Costco has filed suit in the U.S. Court of International Trade seeking refunds should the Supreme Court rule that President Trump exceeded IEEPA authority for tariffs that reached up to 50% (and 145% on some Chinese goods), part of an ~ $90bn cost to U.S. importers; a decision is expected in early 2026. The company reported strong Q4 2025 results (net sales $86.16bn, net income $2.61bn, EPS $5.87; comparable sales +5.7%, e-commerce +13.5%) and generates roughly $275.2bn in annual revenue with ~11% merchandise margins, but unrecoverable tariffs and ongoing inflationary LIFO impacts (Q4 LIFO charge $43m vs prior-year $8m credit) pose material margin risk. Analysts model Q1 FY26 revenue of $67.15bn and EPS $4.24; investors will focus on management’s disclosure of disputed tariff exposure, timeline, sourcing shifts (including Kirkland expansion) and margin-protection plans on the upcoming earnings call.

Analysis

Market structure: Costco’s direct lawsuit makes it a binary focal point for tariff risk and potential upside if refunds are awarded.

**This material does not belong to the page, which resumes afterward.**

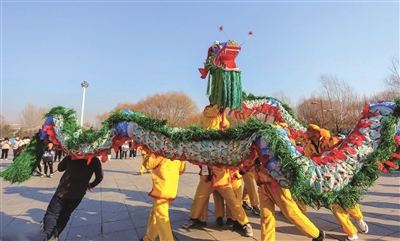 这里的正月更多地保留了一些古代中原的传统习俗。坐在屋中,时时可闻喧天的锣鼓声。出门走上一走,更是随处都能见到一片大空地上,团团围着厚厚的人群,人群内传出悠扬的胡琴声,里面肯定是有人在表演节目:或是传统戏曲,或是一些传统表演项目。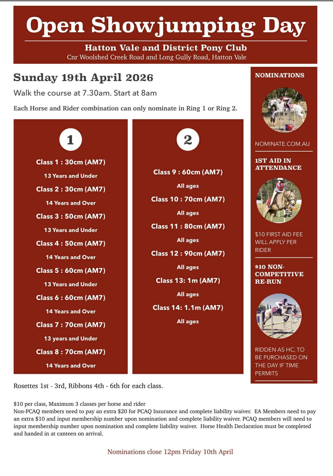 ONLY 1 ENTRY PER CLASS - PER RIDER/HORSE COMBINATION. NOMINATIONS TO BE EITHER RING 1 OR RING 2

With $275bn revenue and ~11% merchandise margins, even a modest share of the ~$90bn industry tariff pool matters; a $300–500m hit equals ~1–2% of gross profit and would be visible to margins. Private‑label (Kirkland) and 15%+ e‑commerce growth are immediate defensive levers that improve pricing power in import‑sensitive SKUs. Risk assessment: Near term (days–weeks) the Dec 11 earnings call is the key event; medium term (months) the Supreme Court ruling expected early‑2026 is binary and could trigger reimbursement vs permanent cost. Tail risks include adverse ruling + no refund mechanism (large one‑time charge), regulatory retaliation or consumer politicization; conversely a refund ruling could produce a multi‑quarter EPS tailwind. Hidden dependencies: Customs timing, supplier contract pass‑through clauses, and inventory location (domestic vs China) that determine true cash exposure. Trade implications: Tactical: prefer directional exposure to COST but hedge legal/timing risk with options. Relative: long COST vs short WMT (Sam’s Club exposure isolated) to capture member‑model resilience; if management quantifies disputed tariffs ≤$500m, add to size. Use 3–9 month option structures (put spreads to cap downside into the SCOTUS decision; call overwrites if buying stock) rather than naked positions. Contrarian angles: The market may underweight upside from potential refunds and overprice political contagion risk; historically (2018 tariffs) winners emerged from supply‑chain repricing within 6–12 months. Risk of escalation (other retailers suing or government pushback) is real but low probability; mispricings may appear in near‑dated options where implied vol rises on the Dec 11 call but falls sharply on clarity — tradeable gamma event.